Answer
Tangent line: $\quad y=-\displaystyle \frac{1}{2}x+\frac{1}{2}$
$\displaystyle \left.\frac{d^{2}y}{dx^{2}}\right|_{t=0}=-\frac{1}{8}$
Work Step by Step
$\displaystyle \frac{dx}{dt}=1+e^{t},\qquad \displaystyle \frac{dy}{dt}=-e^{t}$
$\displaystyle \frac{dy}{dx}=\frac{dy/dt}{dx/dt}=\frac{-e^{t}}{1+e^{t}}$
The slope of the tangent line at $t=0$ is
$\left. \displaystyle \frac{dy}{dx} \right|_{t=0}=\dfrac{-1}{1+1}=-\dfrac{1}{2}$
The point $P$ on the curve corresponding to $t=0$ is
$P(1+1,\ 1-1)=(1,0)$
Use the point-slope equation for the tangent line.

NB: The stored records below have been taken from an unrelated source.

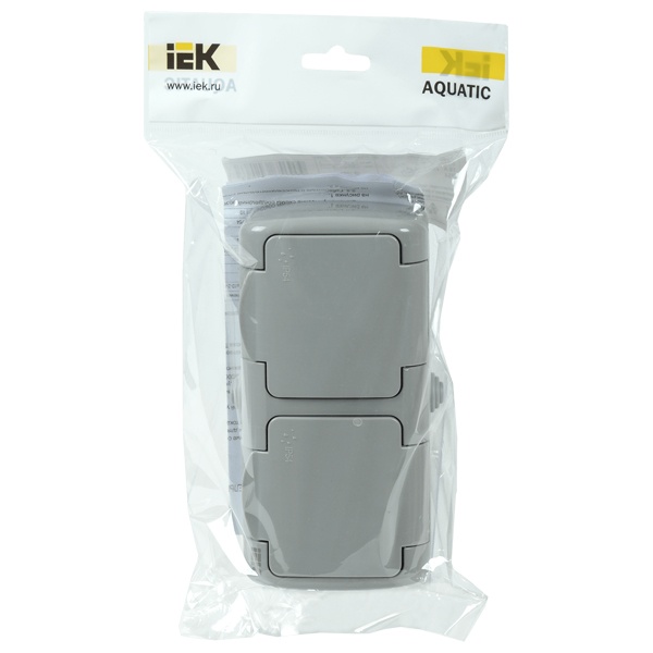 Серия электроустановочных изделий AQUATIC IEK с повышенной степенью защиты IP54 предназначена для организации электроснабжения в условиях высокой влажности, в пыльных помещениях, мастерских, гаражах, а также на улице при установке под навесом, защищающем от прямого попадания осадков.Серия AQUATIC IEK продумана до мельчайших деталей для удобства и безопасного использования.
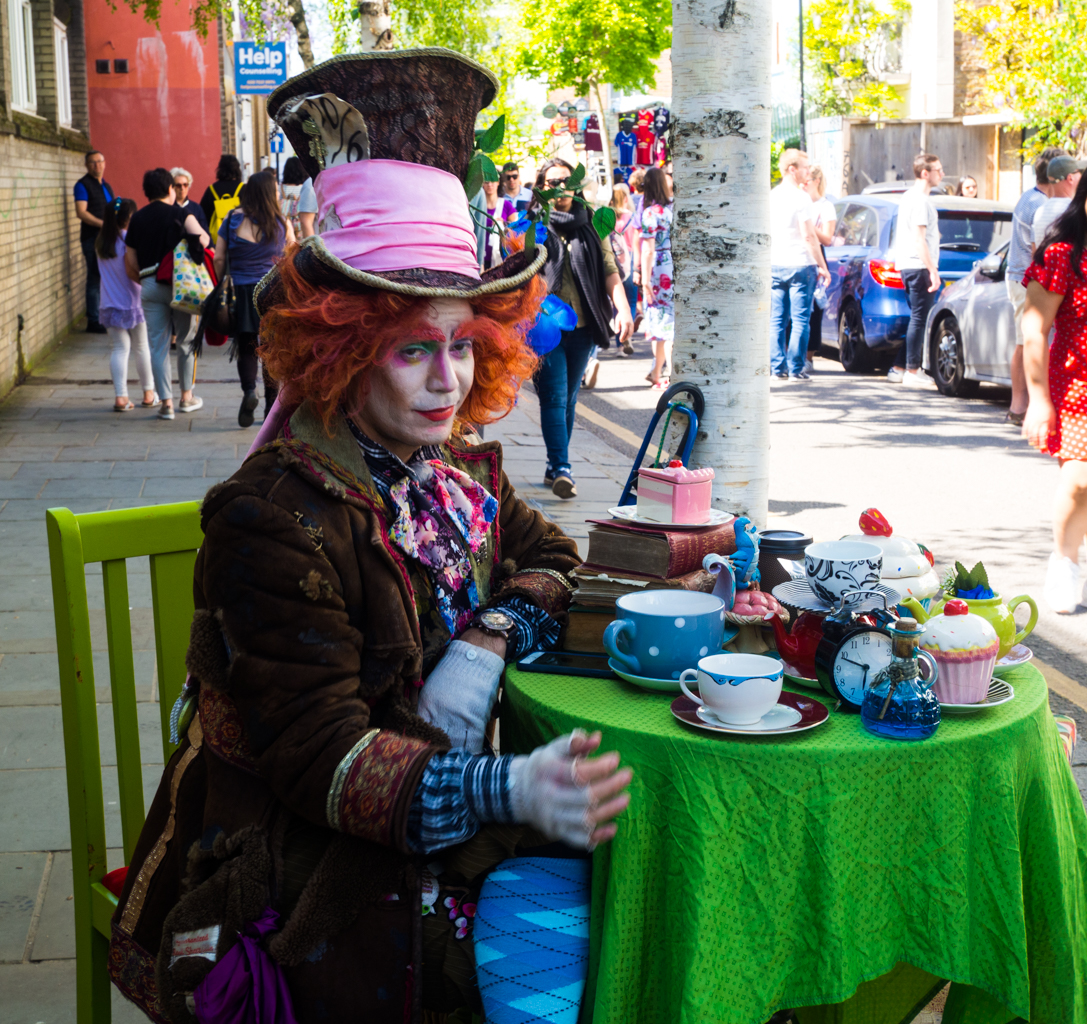 Portobello est l’antre de l’excentricité britannique dans toute sa splendeur. On y trouve ainsi un Chapelier Fou tout droit sorti de chez Lewis Carroll , installé sur le trottoir avec la table mise pour le thé. On peut, moyennant finances, faire un selfie avec lui. Pas si fou, finalement !
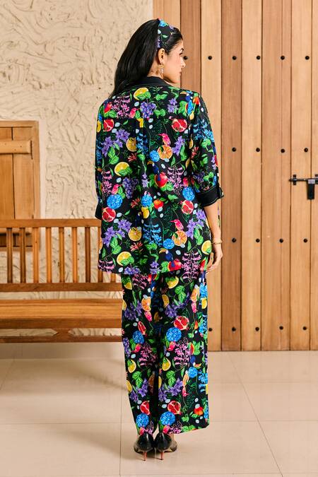 Black Crepe Embroidery Collared Floral Print Shirt And Pant Set
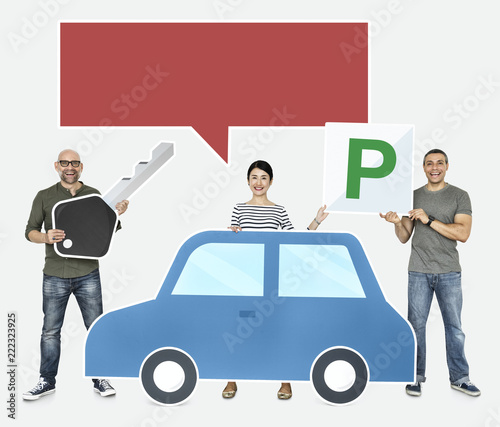© Rawpixel.com, Obraz premium Happy people holding car icons
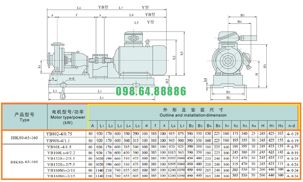 Kích thước lắp đặt của bơm li tâm cánh hở đường thoát 80 mm model IHK100-80-160
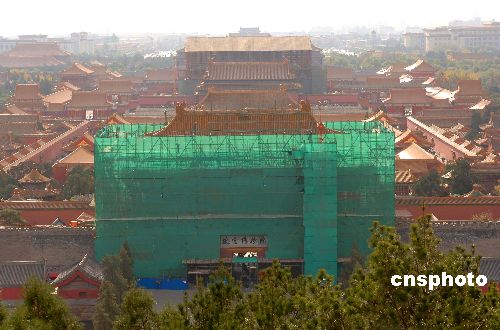 環(huán)球在線消息:十一月十四日,北京故宮太和殿與北門樓建筑同時在大修進程之中。已有560多年歷史的北京故宮,建于明永樂四年至十八年(1406-1420年),自1911年辛亥革命以來近百年間,故宮建筑從未進行過如此大規(guī)模的維修。故宮大修預計到2020年完工,投資近20億元人民幣,一期工程計劃在2008年北京奧運會前完工。
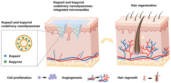 - Zhang, S.; Zhou, H.; Chen, X.; Zhu, S.; Chen, D.; Luo, D.; Chen, S.; Liu, W. Microneedle Delivery Platform Integrated with Codelivery Nanoliposomes for Effective and Safe Androgenetic Alopecia Treatment. ACS Appl. Mater. Interfaces 2024, 16, 15701–15717. [Google Scholar] [CrossRef]
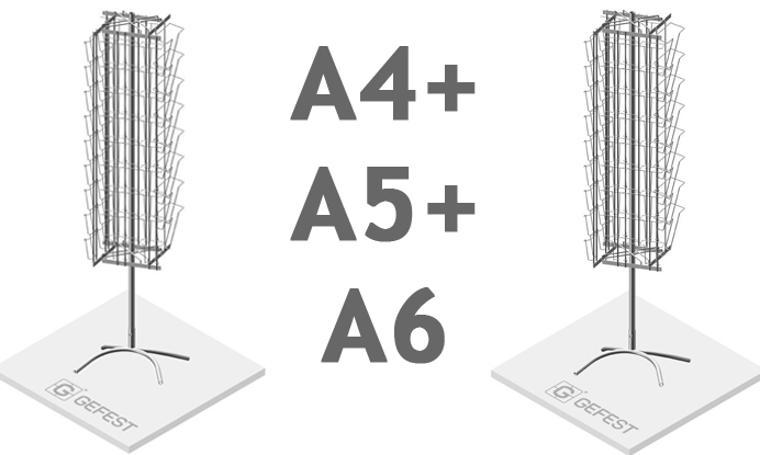 Но А4 это ведь не единственный популярный формат. А5 и А6 тоже часто встречаются. Как правило, это открытки. Для выкладки таких товаров создано множество «гибридных» моделей буклетниц, которые объединяют все три формата: А4, А5, А6.
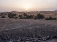 Sahara Desert Landscape at Dawn with Sand Dunes and Rocks
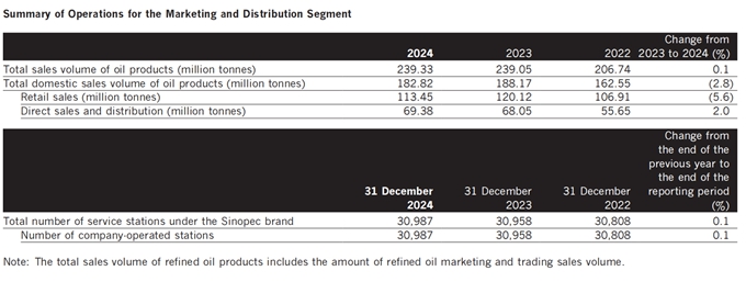 In 2024, by adapting to market changes, the Company fully leveraged its integration and network advantages, and continued to build an integrated energy service provider of petrol, gas, hydrogen, power and service. We carried forward targeted marketing tactics, expanded strategic clients base and boosted the sales volume of high-grade gasoline. We stepped up effort in gas refueling and EV battery charging and swapping businesses. Over one thousand gas-refueling stations and more than 10 thousand battery charging and swapping stations were built. Hydrogen-based traffic was promoted steadily. Meanwhile, we vigorously expanded our global presence, explored the low-sulfur bunker fuel market both at home and abroad and the total operating volume of our bunker fuel business ranked second in the world. We continued to enrich the Easy Joy service ecosystem and upgraded non-fuel business operational quality. Total sales volume of refined oil products for the year was 239 million tonnes 向日葵视频在线观看.
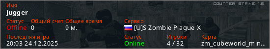 Играет на Counter Strike 1.6 сервере. Страна: РоссияПервый раз замечен 20:23 21.12.2025
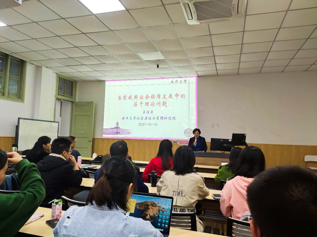 2021年10月19日下午14:00,南开大学周恩来政府管理学院关信平教授应邀到访亚博官网,在学院114教室为社会保障专业的同学作题为《当前我国社会保障制度发展中的焦点理论问题》的讲座,本次讲座由亚博官网党委书记姜晓萍教授主持,劳动与社会保障系蒲晓红、罗亚玲、张浩淼、李丹、林熙、张伟科、曹杨等老师和社会学系的王卓老师,以及社保专业的本硕博同学参加了讲座。
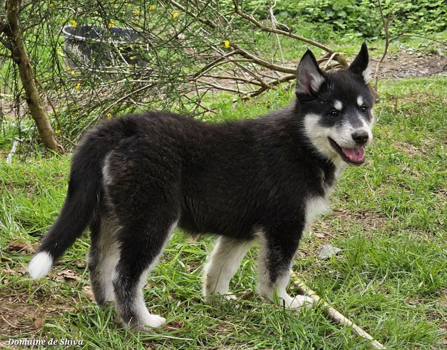 Pomsky F3b, taille standard (+/- 14/17kg), poils polaires (et une poils fluffy), yeux bruns.
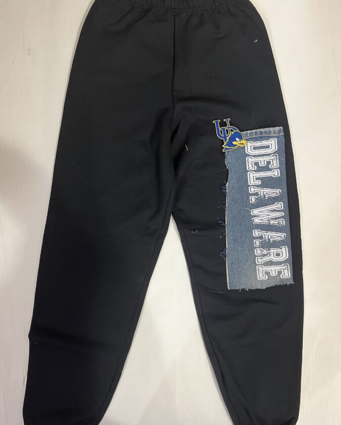 15 inch cropped 1X1 ribbed brami top with University of Delaware logo. 92% Nylon 8% Spandex
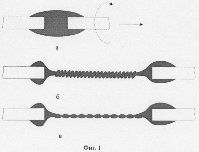 Пример 2. В качестве стержней используют два отрезка волокна из кварцевого стекла диаметром 130 мкм. Каплю расплава полиуретана (Тразм=193°С) объемом 3 мм3 помещают между торцами совмещенных волокон (фиг.1, а). Одно из волокон удаляют от другого волокна со скоростью 1 мм/с с одновременным вращением волокна вдоль оси со скоростью 0.8 об/с. В результате формируется полимерное волокно в виде спирали с плотно упакованными витками (фиг.1, б). Затем полимерное волокно нагревают до температуры 200°C в течение 5 с и охлаждают до комнатной температуры. При этом происходит сплавление поверхностей соседних витков спирали и формируется сплошное полимерное волокно со спиральной гофрированной поверхностью (фиг.1, в). Фотография волокна показана на фиг.2, б. Диаметр волокна равен 100 мкм, период спирального гофра равен 300 мкм, высота гофра – 20 мкм. При увеличении продолжительности нагрева до 10 с высота гофра уменьшается до 10 мкм.

$y-0=-\displaystyle \frac{1}{2}\cdot(x-1)$
$y=-\displaystyle \frac{1}{2}x+\frac{1}{2}$
With $y'=\displaystyle \frac{dy}{dx}$, we find $\displaystyle \left.\frac{d^{2}y}{dx^{2}}\right|_{t=0}$,
$\displaystyle \frac{dy'}{dt}=\frac{d}{dt}[\frac{-e^{t}}{1+e^{t}}]=-\frac{e^{t}(1+e^{t})-e^{t}(1+e^{t})}{(1+e^{t})^{2}}$
$=-\displaystyle \frac{e^{t}(1+e^{t})-e^{t}(e^{t})}{(1+e^{t})^{2}}$
$=-\displaystyle \frac{e^{t}(1+e^{t}-e^{t})}{(1+e^{t})^{2}}$
$=-\displaystyle \frac{e^{t}}{(1+e^{t})^{2}}$
$ \displaystyle \frac{d^{2}y}{dx^{2}}=\frac{dy'/dt}{dx/dt}=\frac{-\frac{e^{t}}{(1+e^{t})^{2}}}{1+e^{t}}=-\frac{e^{t}}{(1+e^{t})^{3}}$
$\displaystyle \left.\frac{d^{2}y}{dx^{2}}\right|_{t=0}=-\frac{1}{(1+1)^{3}}=-\frac{1}{8}$